Short Form of Quality of Life Scale SF-12 It was created as a short form of SF-36, which was
developed by Ware et al. in 1995 to evaluate quality of life. It contains the same
sub-dimensions as the SF-36. The Turkish validity and reliability study of the SF-12 scale
was conducted by Soylu and Kütük (2021). The scale is used in the evaluation of physical
(FIM-12) and mental health (MBI-12), which are the two main components of general health
status. The scale includes physical functionality (2 items), physical role (2 items), body
pain (1 item), general health (1 item), energy (1 item), social functionality (1 item),
emotional role (2 items), and mental health. It consists of 8 sub-dimensions, including
health (2 items) and 12 items. The higher the score obtained from the scale, the higher the
quality of life. The Cronbach's alpha value of the FIM-12 sub-dimension of the scale was
0.73, and the Cronbach's alpha value of the MDS-12 sub-dimension was 0.72.
Menstruation Symptom Scale The Menstruation Symptom Scale (MSI) was developed by Chesney and
Tasto in 1975 to assess menstrual pain and symptoms. Turkish validity and reliability study
Güvenç et al. (2014) by It consists of 3 sub-dimensions including Negative Effects/Somatic
Complaints, Pain Symptoms and Coping Methods. The scale has a 5-point likert structure. The
scale score is calculated by calculating the MSÖ score, the total score average of the items
in the scale. An increase in the mean score indicates an increase in the severity of
menstrual symptoms. The score obtained from the sub-dimensions is calculated by taking the
total score average of the items in the sub-dimensions. An increase in the score indicates
that the severity of the symptoms in that sub-dimension increases. The total Cronbach's alpha
value of the scale was found to be 0.92. The Cronbach's alpha value for the sub-dimensions
was 0.90 for "Negative Effects/Somatic Complaints", 0.81 for "Pain Symptoms" and 0.74 for
"Coping Methods".
Dysmenorrhea Monitoring Form: This form was prepared by the authors in accordance with the
literature (Coşkuner and Kömürcü, 2014; Çelik and Apay 2021). The form provides a prospective
measurement of pain intensity. Students in the experimental and control groups will be asked
to record their initial (first three days of the first cycle) pain severity level on the VAS
form. Progressive relaxation exercises will be used for two menstrual cycles in the
experimental group. The students in the experimental group will be asked to record on the VAS
the dysmenorrhea felt before and after PBGE in the first three days of the menstrual cycle.
The control group would not receive any intervention for dysmenorrhea pain in the second and
third cycles when they marked their pain level.

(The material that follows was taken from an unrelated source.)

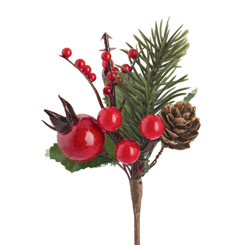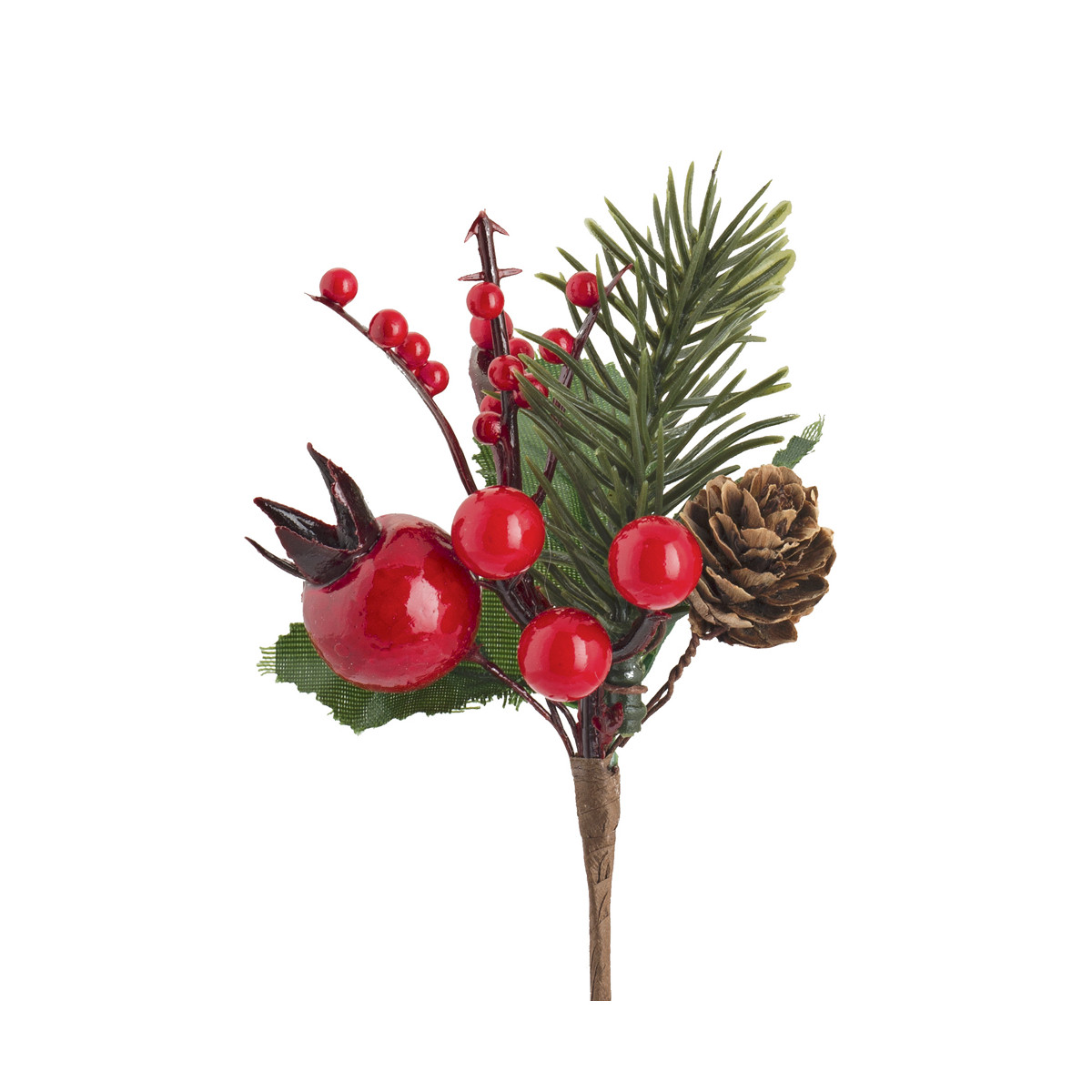 Pick Pino Con Melograno Bacche e Pigne 10cm

Progressive Muscle Relaxation Exercise Tracking Chart It was prepared by the researcher in
order to facilitate the follow-up of female students' PCGE application status. At the top of
the chart are the student's name-surname and the start date of the application. On the other
hand, the table includes the application weeks and whether the PCG is applied or not. The
duration of the schedule application will vary according to the length of the menstrual
cycle. For each week, boxes have been created to mark the days of the week and whether the
application has been made or not. In the first menstrual cycle after being included in the
study, no marking will be made on the chart. From the end of the first cycle, progressive
muscle relaxation exercise should be performed 4 times a week for two menstrual cycles and
recorded in the chart.
Analysis of Data The data will be stored in the computer environment using the Statistical
Package for Social Sciences 20 (SPSS 20) statistical program. Kolmogorov-Smirnov test will be
performed in order to determine the conformity of the scale scores to the normal
distribution. Non-parametric tests (Mann-Whitney U test, Wilcoxon Test) will be used in
statistical analysis since it was determined that the scores were not suitable for normal
distribution. Mean and standard deviation will be used in the evaluation of quantitative
variables, and frequency and percentage values will be used in the evaluation of qualitative
variables. The p=0.05 value will be accepted as statistical significance in all statistical
analyses. The effect size was determined by calculating Cohen's d (small-0.2, medium-0.5 and
large effect-0.8). The Cronbach-α coefficient will be used to evaluate the reliability of the
scales used in the study.
Ethical Dimension of Research Before the application, written permission from the institution
where the research was conducted, approval from the Ethics Committee and written informed
consent from the students will be obtained. After the implementation of the research is over,
it will be planned to teach and practice progressive muscle relaxation exercises to the
students in the control group.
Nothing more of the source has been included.